- From: Pat Hayes <phayes@ai.uwf.edu>
- Date: Thu, 1 Nov 2001 18:31:11 -0600
- To: w3c-rdfcore-wg@w3.org, pfps@research.bell-labs.com
I'm sorry I dropped the ball on this issue just as it heated up. Ive
been (literally) laid low with flu since Friday and unable to do
anything much except whimper and cough.
Let me try to first summarize the MT changes that I managed to
extract from the pfps/ph interchange - I think these are all pretty
much the same as what Peter got out of it, in all but stylistic
details - and then use this extended MT to respond to a lot of the
recent comments, some of which I think are based on
misunderstandings. I will also try to show how *all* the various
proposals for encoding datatyping information in RDF syntax can be
incorporated into this MT extension in a uniform way, and so can a
few others that havn't been made yet.
OK. The basic idea of the MT extension arises from the fact that
while the same literal label might mean different things in different
contexts, datatyping information seems to remove what would otherwise
be an 'ambiguity' when one looks at particular occurrences of literal
labels. For example, it seems perfectly clear, just speaking
intuitively, that the following graph
aaa rdfs:range xsd:integer .
bbb rdfs:range xsd:string .
foo aaa "101001" .
baz bbb "101001" .
can be unambiguously interpreted as saying that the aaa-value of foo
is the integer (89456 + 11545) and the bbb-value of baz is the
character string "101001". (The double quotes in the RDF triples are
not to be interpreted as actual quotation marks, of course, but only
as literal-markers, a convention which I abhor but will stick with
throughout this message.) The fact that there is no ambiguity in this
graph, even though the same syntactic label is used with two
different meanings, suggests that the datatyping information should
not be thought of as a mapping from the literal labels - which is
what one would get by extending the MT in a very straightforward way
by simply including literal labels into the vocabulary of an
interpretation - but rather as attached to the node itself. The
datatyping extension to the MT therefore introduces a new kind of
mapping, which is very similar to an interpretation mapping, but
which applies to the nodes of the graph rather than to the literals
which are used to label those nodes. We might call such a thing a
'datatyping interpretation', but I think that might be confusing, so
I will call it a 'typing'. An interpretation is a mapping from a URI
vocabulary to entities; a typing is a mapping from nodes of the graph
to datatypes. (I'll tell you what a datatype is in a minute.)

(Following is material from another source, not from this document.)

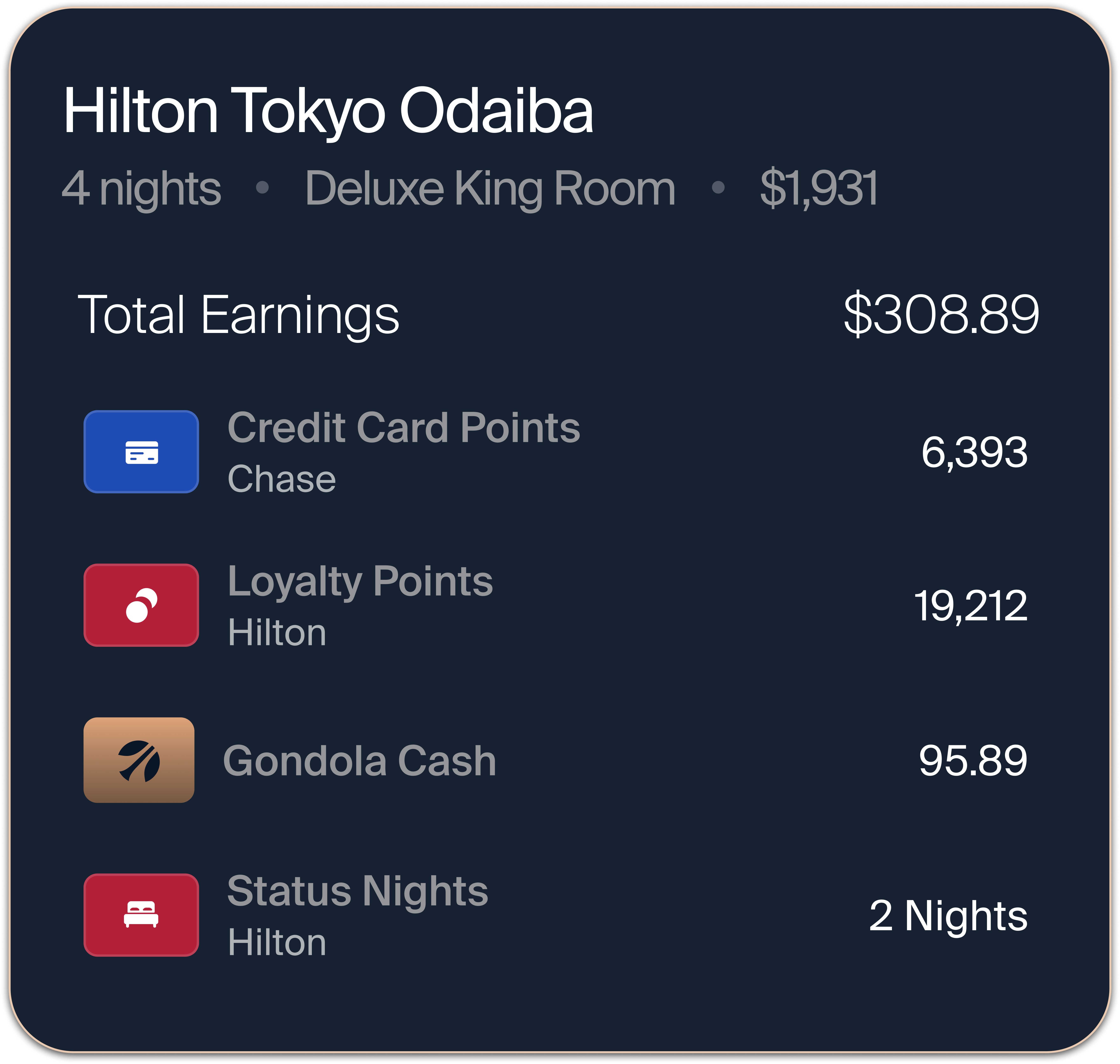 2. Book with Gondola: securely book your booking on Gondola, and we’ll process it directly with the hotel. You'll earn all your direct points and perks, plus 3-7% Gondola Cash back.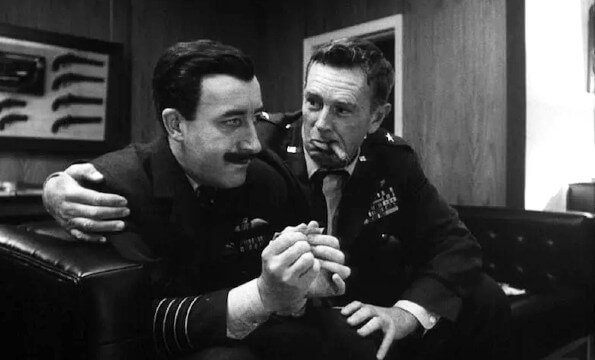 But it’s Peter Sellers who remains central to Dr. Strangelove. Then at the height of his fame after starring in Lolita and playing Inspector Clouseau in The Pink Panther (1963), Sellers brings three characters to life. Besides the titular mad scientist, his less showy roles are hilarious in their subtlety. Take Mandrake, the stuffy and mannered professional soldier who realizes that Ripper’s call for Condition Red isn’t an exercise—he responds to the threat of nuclear war with a resigned “Oh hell.” Mandrake’s stereotypical British soldier is too committed to order, politeness, and protocol to confront Ripper, though he could easily arrest or execute his superior officer if not for his manners. Elsewhere, President Merkin Muffley is one of the most logical men in the film, and his earnestness in the face of utter collapse reads as a kind of insanity in his willingness to debate silly semantics during his one-way conversation with the drunk Soviet Premier, Dimitri Kissov (as in kiss-off), who barely speaks English. This is arguably the film’s funniest sequence. Muffley talks to Kissov with all the forced patience of someone explaining an elaborate concept to a nincompoop:

The current MT does need to be altered in a tiny degree to make this
possible. Currently it says that XL is a global mapping from literals
to LV, and then it uses that mapping once, and never mentions it
again. We need to change that so we define XL to be a mapping from
*occurrences* (tokens, inscriptions, whatever) of literals to LV; or,
less mysteriously, from *literal nodes* to LV. Then the model theory
works exactly as before; this mapping is still 'global' (though that
is now perhaps an unfortunate word to use) in the sense that it is
independent of the interpretation. (When we introduce a datatyping
scheme, however, there is some connection between them, as we will
see.)
Technicalities.
A datatype is a mapping from a lexical domain (a subset of literals)
to a range of values (a set). A datatype scheme is a set DT plus a
fixed mapping DTS from DT to datatypes. It is convenient to define
DTC(x) to be the range (not rdfs:Range, just range) of the datatype
DTS(x). If nnn is the URI of a type, we will write XD(nnn) for the
member of DT that the uri identifies. This mapping XD is similar in
some ways to an interpretation mapping I, but unlike I, it is assumed
that XD is computable (in some way), ie given the uri of a datatyping
scheme, the machine can somehow access the actual DTS and DTC
mappings associated with that datatyping scheme and apply them.

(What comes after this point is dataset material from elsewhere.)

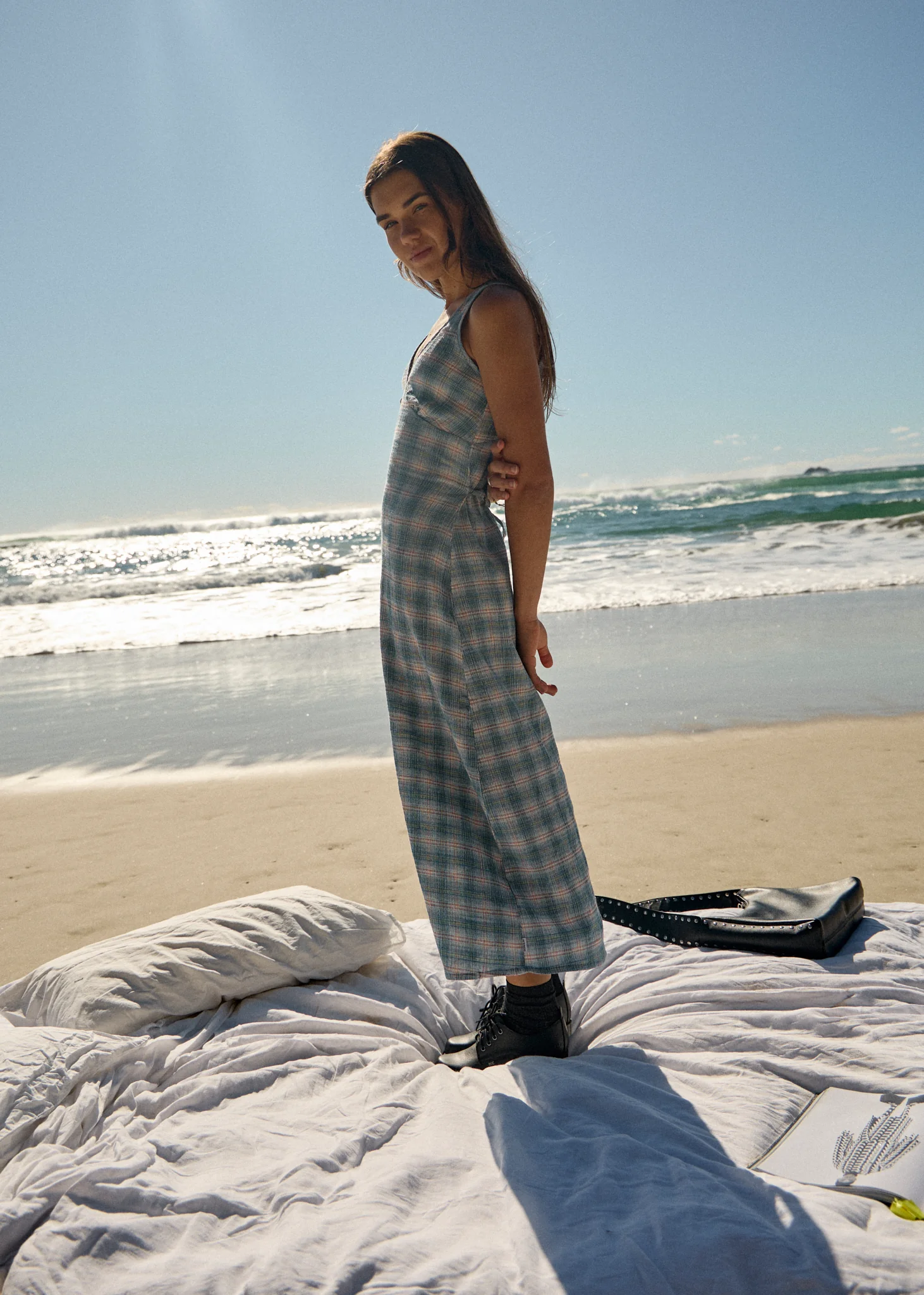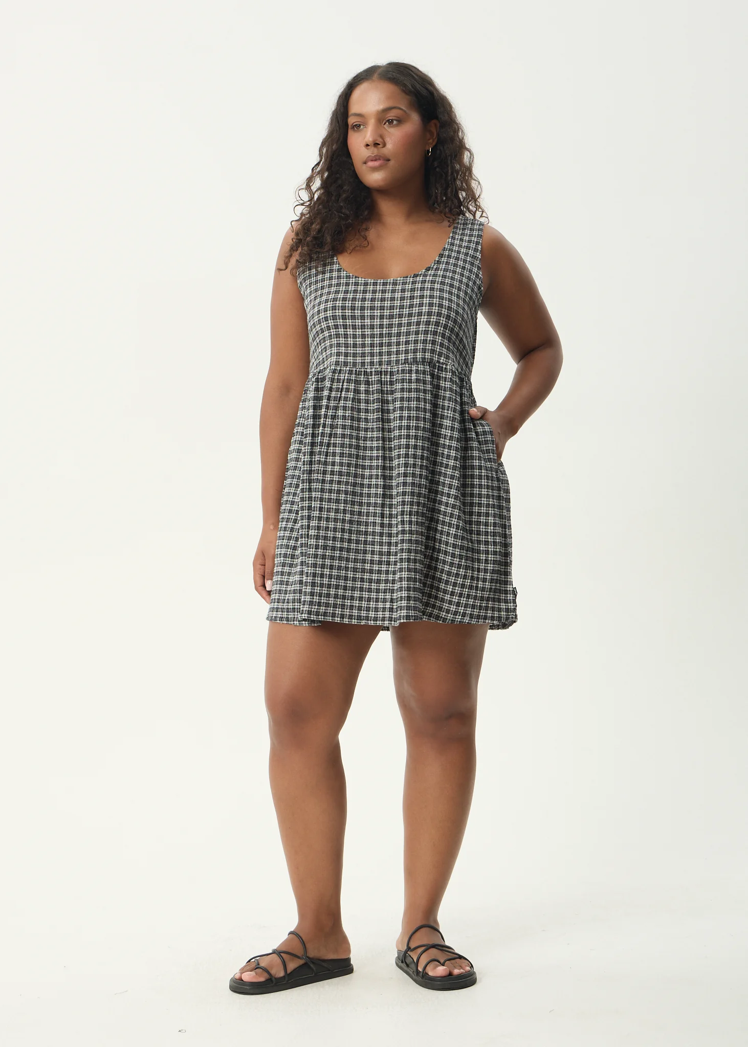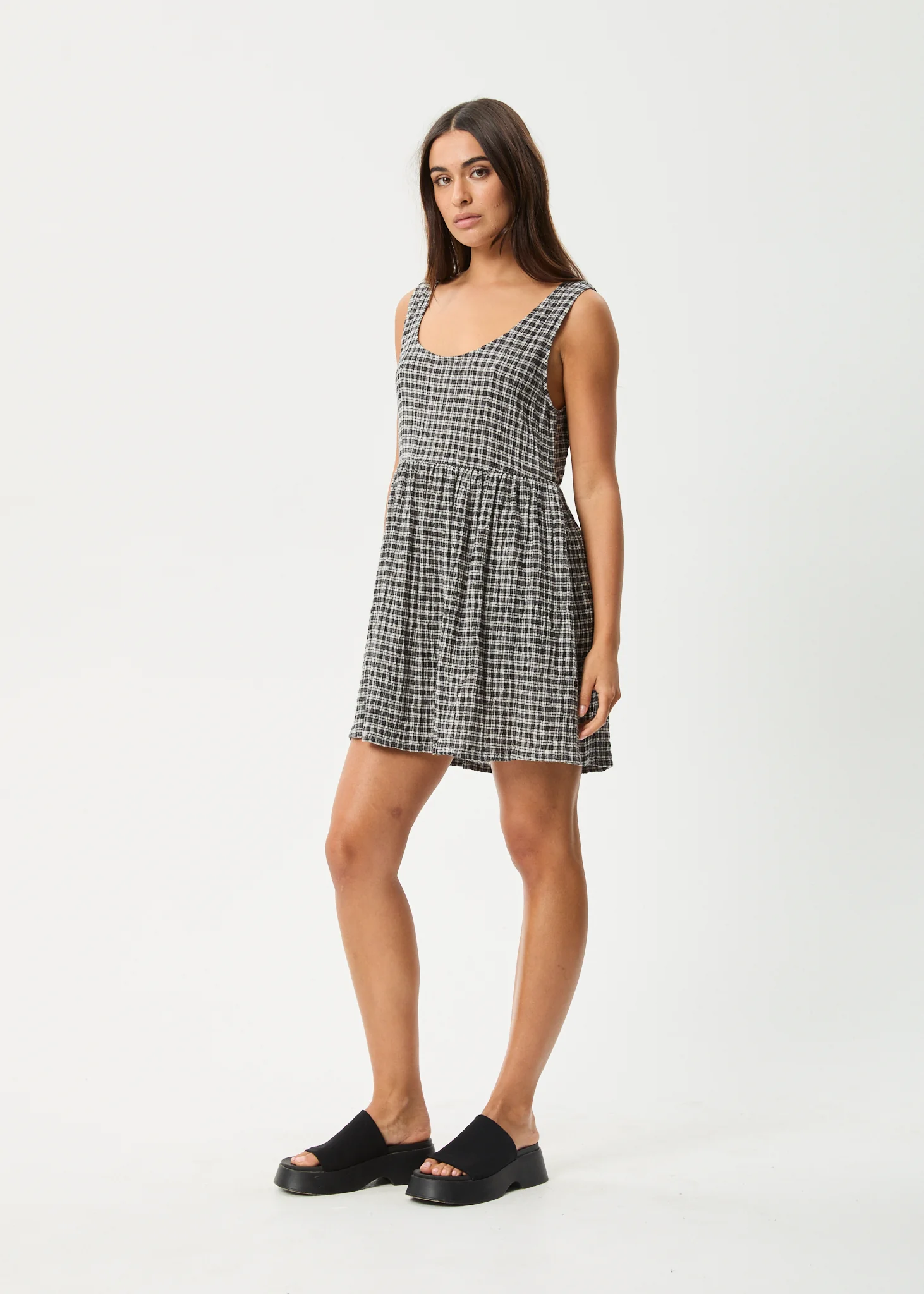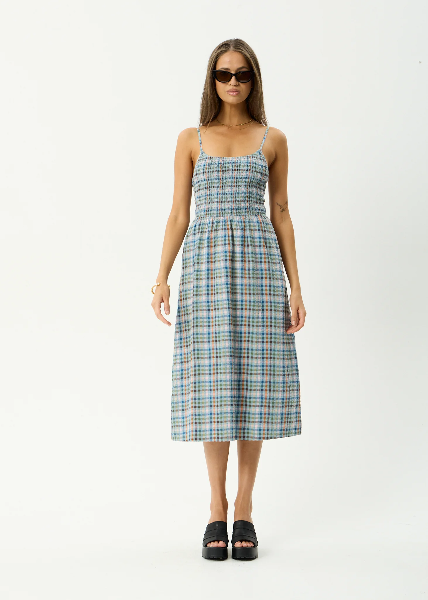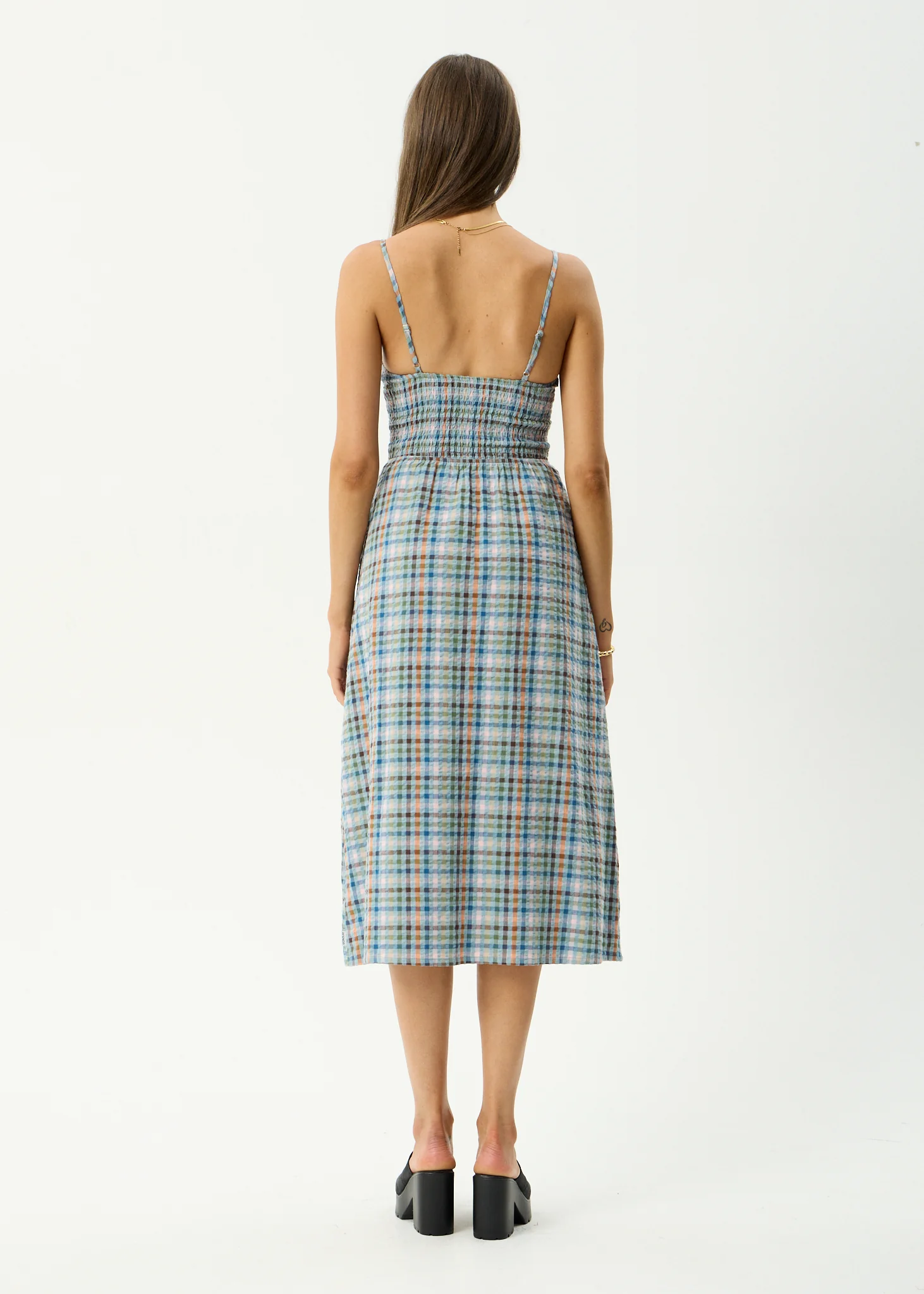 AFENDS Womens Evans - Check Maxi Dress - Overcast Check

(DTS and DT aren't *strictly* needed, in fact; one could have a
single global mapping directly from urirefs to datatypes; but it is
in the same spirit as the rest of the model theory so I will go on
doing it this way. Think of the member of DT as the abstract
datatype-thingie and DTS as the datatype version of the IEXT mapping
in the MT. DTC is analogous to ICEXT.)
Now, a datatyping of a graph is simply a mapping from the literal
nodes of the graph to a datatype scheme, ie an assignment of a type
to each literal node of the graph. Of course, a graph by itself might
have any number of datatypings, just as a vocabulary can have any
number of interpretations, but we want to make sure that if we have
one of each than that fixes the interpretation of every part of a
labelled graph unambiguously, by placing mutual constraints on how
they act together. So, in this spirit, a typed interpretation is a
pair <I,D> of an interpretation (of the uri vocabulary) and a
datyping D (of the literal nodes of the graph) which together satisfy
the following constraints:
1. XL(n) = DTS(D(n))(label(n))
2. ICEXT(d) is a subset of DTC(d) for any d in (DT intersect IR)
(In 1 we are using two rather different kinds of function; label(n)
is just a kind of syntactic selection function which refers to the
label on the node n, while the other mappings are semantic.
Mathematically these are all just functions, but intuitively they
have different roles.)
What these mean, intuitively, is exactly what one would expect; that
the value of a literal (in the interpretation) is understood to be
determined by the datatyping of the node on which it occurs; and that
datatypes are treated appropriately as rdfs classes, in the sense
that the RDFS class of a given datatype in the interpretation is a
subset of set of things which actually have that datatype according
to D.
Now, the only other semantic condition we need on an interpretation
is that it 'understands' that the urirefs that denote datatypes are
in fact interpreted to refer to those datatypes, which can be stated
as the condition
3. I(nnn)= XD(nnn)
If I satisfies condition 3 for the datatype named nnn then we will
say that I 'recognizes' that datatype, and it is natural to require
that I recognizes every datatype which is mentioned in the graph (ie
where nnn occurs in the graph as a node label), so we will add this
as a third condition on a typed interpretation <I,D>.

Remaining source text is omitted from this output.